You may also want to check and see if there is a Le Creuset outlet anywhere near you. With the exception of a few pieces that's where I obtained most of mine. 

Huh, I've been using some of mine going on close to 30 years. Thought the stuff was indestructible!


----------



## Noodle Soup (Dec 11, 2017)

Mine chipped on the bottom a number of years ago. Not sure why and I did use non metal utensils. I asked Le Creuset about their warranty and was given a long run around proving it wasn't my fault. I eventually gave up but I would not buy from them again. If it was my fault it means the coating is too fragile for normal use in my kitchen. I don't worry about that with my Lodge cast iron.


----------



## boomchakabowwow (Dec 11, 2017)

i'm gonna see if my buddy that owns a huge English Mastiff if he needs a "dog bowl" his beast wont be able to walk around the room while eating 

i bought the thing at a factory outlet so all bets are off with respect to warranty.
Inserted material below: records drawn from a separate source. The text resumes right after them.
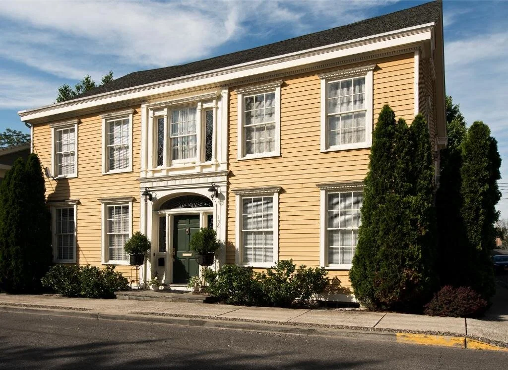 Italianate-style boarding house turned boutique hotel, with 9 elegantly appointed guest rooms, an art deco bar, farm-to-table tavern, and riverfront grill.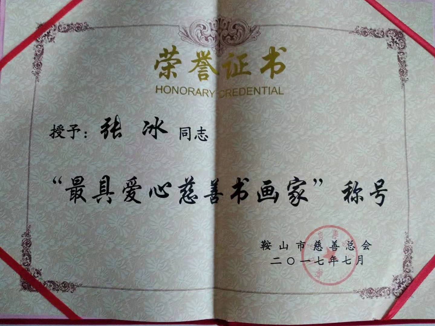 2017年鞍山慈善總會(huì)譽(yù)為“最具愛(ài)心慈善書(shū)畫(huà)家”稱號(hào)。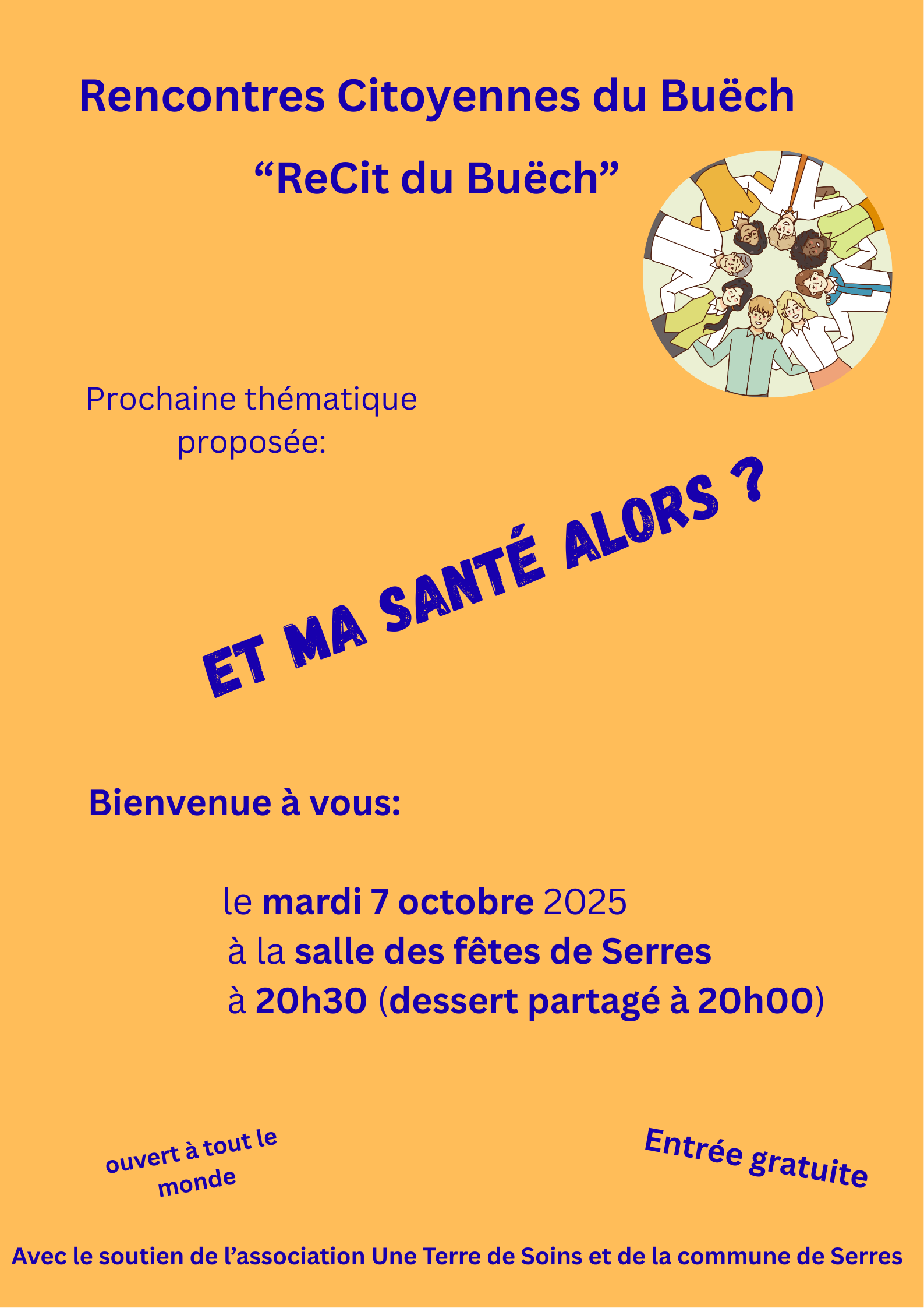 Venez vous pencher sur des sujets qui nous concernent toutes et tous pour porter un regard pluriel sur la réalité de notre territoire, nourrir une réflexion et ensemble, envisager des pistes de réponses. L’intérêt ? Rompre l’isolement face à des difficultés, prendre conscience d’autres façons de voir les choses, transmettre des connaissances ou compétences, construire un récit partagé et nourrir un contexte favorable à la recherche de solutions collectives. 4 à 6 rencontres par an sur différentes thématiques. Cette initiative, apolitique et apartisanne, peut prendre naissance grâce au soutien de la commune de Serres et de l’association Une Terre de Soins. Les rencontres sont ouvertes à tout le monde et gratuites.

i just hope none of my neighbors swallow the chip..i felt pretty retarded warning them. the old lady next door smirked and said that's why she uses her ancient Griswold dutch for the same duty..i had no response for the win..


----------



## Noodle Soup (Dec 11, 2017)

Funny you mentioned the heavy dog bowl thing.  That is how mine ended up too.


----------



## chinacats (Dec 11, 2017)

LeCreuset outlet or try the Zwilling outlet online for clearance deals on Staub.


----------



## HRC_64 (Dec 11, 2017)

Remember that the ceramic coating is there so you can slow-cook acidic food...
if you go with something ancient (and uncoated), you're losing alot of utility of le-creuset.

just my $0.02


----------



## DamageInc (Dec 11, 2017)

Chances of finding Staub on sale after Christmas are pretty high.


----------



## boomchakabowwow (Dec 11, 2017)

the black interior of the Staub looks like a win to me. my LC is looking baaaaddd. it's almost black


----------



## aboynamedsuita (Dec 11, 2017)

Depending on the size you want, check staub at cutlery and more. The 4qt (about 24cm diameter I believe) is only $99 and it may get another 20% off. 
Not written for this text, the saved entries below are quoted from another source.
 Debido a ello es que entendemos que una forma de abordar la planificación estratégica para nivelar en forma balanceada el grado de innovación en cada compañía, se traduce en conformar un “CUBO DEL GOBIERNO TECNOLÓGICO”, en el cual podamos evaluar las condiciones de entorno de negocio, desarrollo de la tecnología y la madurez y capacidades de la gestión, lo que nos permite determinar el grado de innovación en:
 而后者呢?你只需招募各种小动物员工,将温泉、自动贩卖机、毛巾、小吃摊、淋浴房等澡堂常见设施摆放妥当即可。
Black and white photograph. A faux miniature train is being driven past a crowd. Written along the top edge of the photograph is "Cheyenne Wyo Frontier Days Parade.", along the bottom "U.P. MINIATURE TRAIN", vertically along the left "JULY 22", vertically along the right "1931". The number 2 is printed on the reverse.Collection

http://www.cutleryandmore.com/staub/round-dutch-oven-p116268


----------



## WildBoar (Dec 12, 2017)

Buy another one on sale. You paid only a little over $10/ yr for yours. They last a very long time, and provide great utility.

It's always a good idea to avoid using metal utensils with them. With that being said, we use metal tongs and metal spoons all the time with ours.


----------



## Dave Martell (Dec 12, 2017)

boomchakabowwow said:


> the black interior of the Staub looks like a win to me. my LC is looking baaaaddd. it's almost black




This stuff is _*incredible*_ at cleaning these pans. **Warning - wear gloves or it'll suck your hands inside out.


----------



## Dave Martell (Dec 12, 2017)

All of our LeCreuset is 2nds from their outlet store back when the store was nothing but 2nds. It was so cool to be able to climb through the piles and look for the best stuff...so cheap too. We got this stuff so long ago that (I believe) the color is discontinued. Not a single problem from the cast iron but we did have the enamel come loose from a LC steel stock pot we got at the same place. Never bothered to try for a replacement because of it being a 2nd.
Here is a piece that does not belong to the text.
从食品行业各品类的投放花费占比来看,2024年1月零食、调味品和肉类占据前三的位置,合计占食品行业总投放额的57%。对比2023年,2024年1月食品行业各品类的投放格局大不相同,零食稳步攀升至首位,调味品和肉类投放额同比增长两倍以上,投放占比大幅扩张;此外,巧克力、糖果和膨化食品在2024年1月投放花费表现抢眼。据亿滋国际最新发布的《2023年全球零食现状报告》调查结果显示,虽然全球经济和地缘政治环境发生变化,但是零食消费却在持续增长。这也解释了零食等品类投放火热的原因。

I always liked LC but I'd try Staub now if I was to buy more enameled cast iron. I really like the Grenadine (?) color.


----------



## chinacats (Dec 12, 2017)

I've got one Staub and a handful of LC. I like both but in the future will likely only buy Staub in the future. Black interior rocks and I kind of dig the dotted lids.

Guess I should splurge on the LC cleaner.

As an asidei like Lodge for the "bowl effect" and wish either Staub or LC would adopt it.


----------



## Lars (Dec 13, 2017)

Black interior on my Staub is kind of annoying as it's hard to tell if you are browning or burning the food.

Lars


----------



## DamageInc (Dec 13, 2017)

Lars said:


> Black interior on my Staub is kind of annoying as it's hard to tell if you are browning or burning the food.
> 
> Lars



I go by smell.


----------



## Lars (Dec 13, 2017)

DamageInc said:


> I go by smell.



As I'm not blind(yet!), I like to use all my senses.

Lars


----------



## Seth (Dec 13, 2017)

I agree, I would like something other than black interior to see better. This is a shame because it is really the only criticism I have of Staub. I have about six of each maker and I most often go for one of the Staubs.


----------



## DamageInc (Dec 13, 2017)

Yes, the black interior of Staub isn't the best, but I still very much prefer it over Le Creuset due to the thicker cast iron, better lid, and better colors.


----------



## 9mmbhp (Dec 13, 2017)

Lars said:


> Black interior on my Staub is kind of annoying as it's hard to tell if you are browning or burning the food.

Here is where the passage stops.